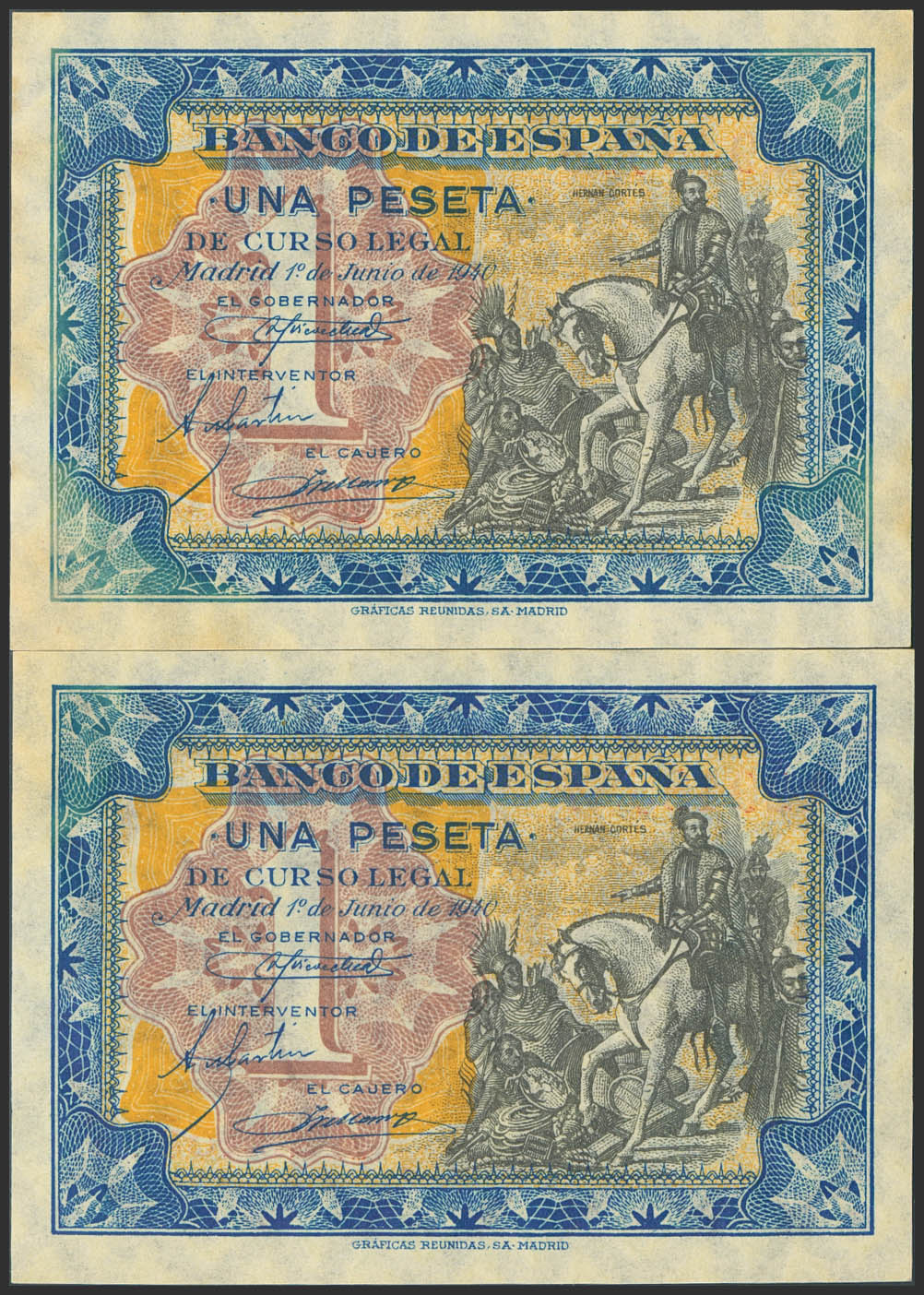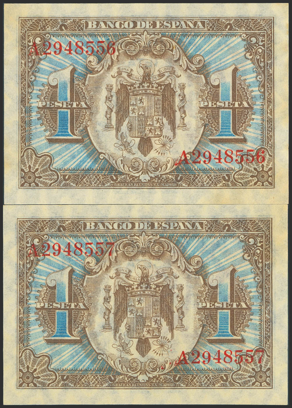 1 Peseta. 1 de Junio de 1940. Pareja correlativa. Serie A. (Edifil 2023: 441a). Apresto original. SC-.
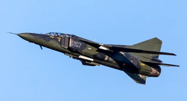 El aparato ha estado en el circuito de exhibiciones aéreas este año y ha deleitado a los fanáticos. Estos aviones de combate complejos de la era soviética en forma de vuelo son una rareza.
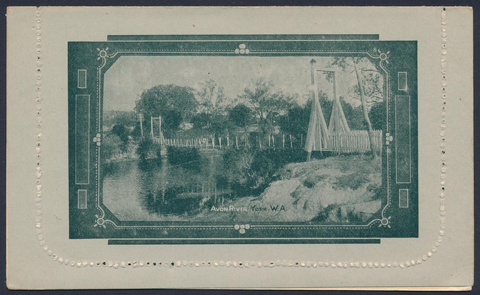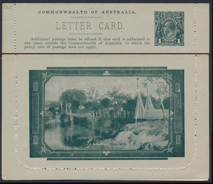 KGV 1d black, die 2, perf 10, view Avon River York WA. Superb fresh UN. ACSC LC21(7) cat $150. (Image1) (Image2)
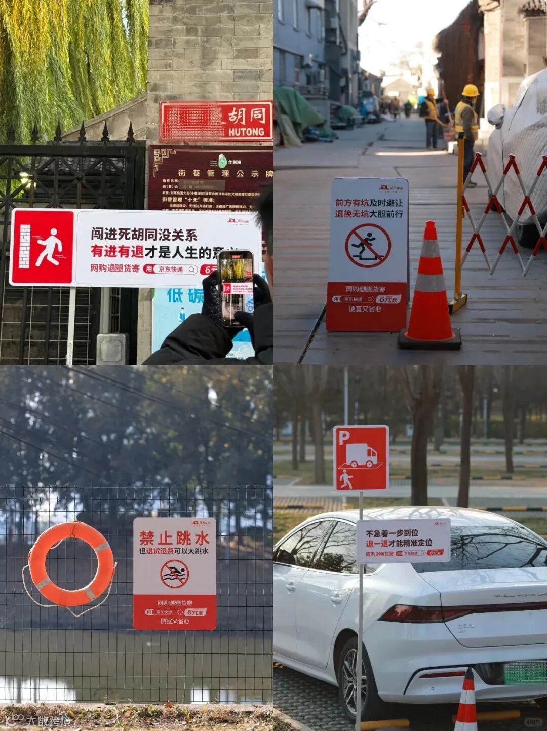 京东快递不止于胡同传播,更将广告延伸至交通路牌、温馨提示牌等形式,成为生活中的“小确幸”。退货不再只是消费后续动作,而是被赋予“会过日子”的智慧标签,精准承接高峰期用户需求。
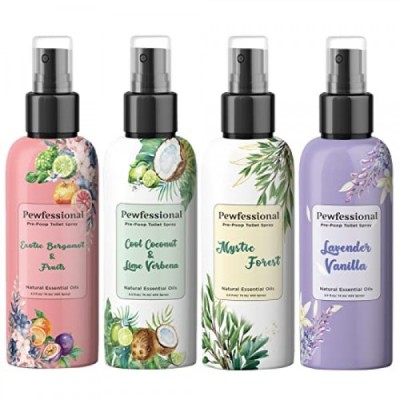 Pewfessional poop spray for Toilet, pre poo Toilet Odor eliminator, 4pack + 1Gift, 2.5 Oz travel size
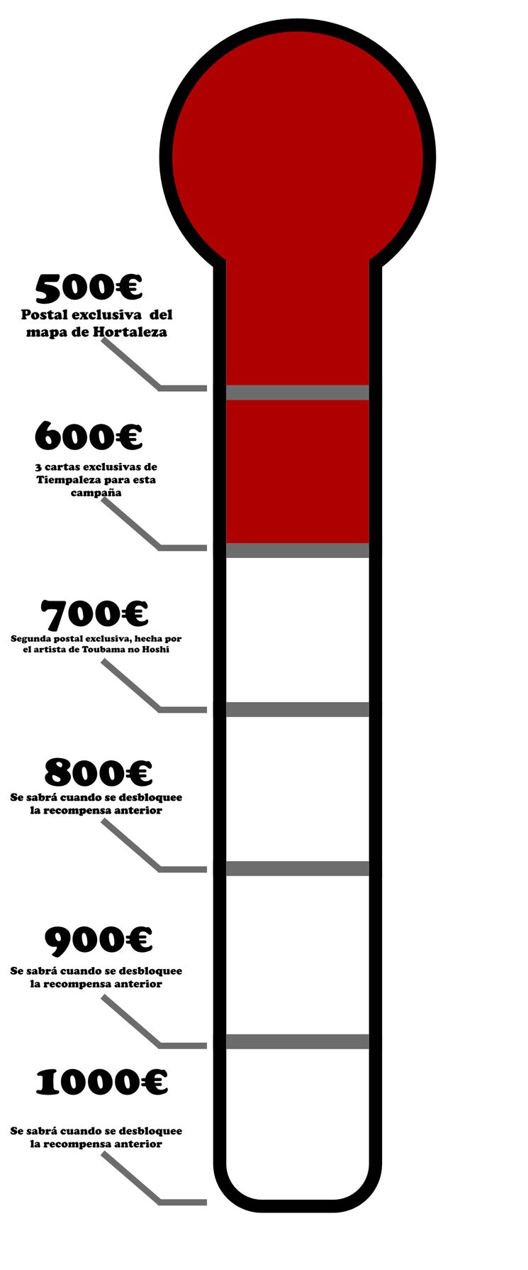 Todas las recompensas adicionales se desbloquearán para todos los mecenas que pidan cualquier recompensa física. Cada recompensa se desbloqueará en cada intervalo de 100€ de recaudación de esta campaña por encima de la meta.

• **REQUIRED WORK**
From the first line above to the line containing "El aparato ha", repeat each line exactly. Pictures stay out.

• **SOLUTION TO THE PROBLEM**
 1 Peseta. 1 de Junio de 1940. Pareja correlativa. Serie A. (Edifil 2023: 441a). Apresto original. SC-.
 El aparato ha estado en el circuito de exhibiciones aéreas este año y ha deleitado a los fanáticos. Estos aviones de combate complejos de la era soviética en forma de vuelo son una rareza.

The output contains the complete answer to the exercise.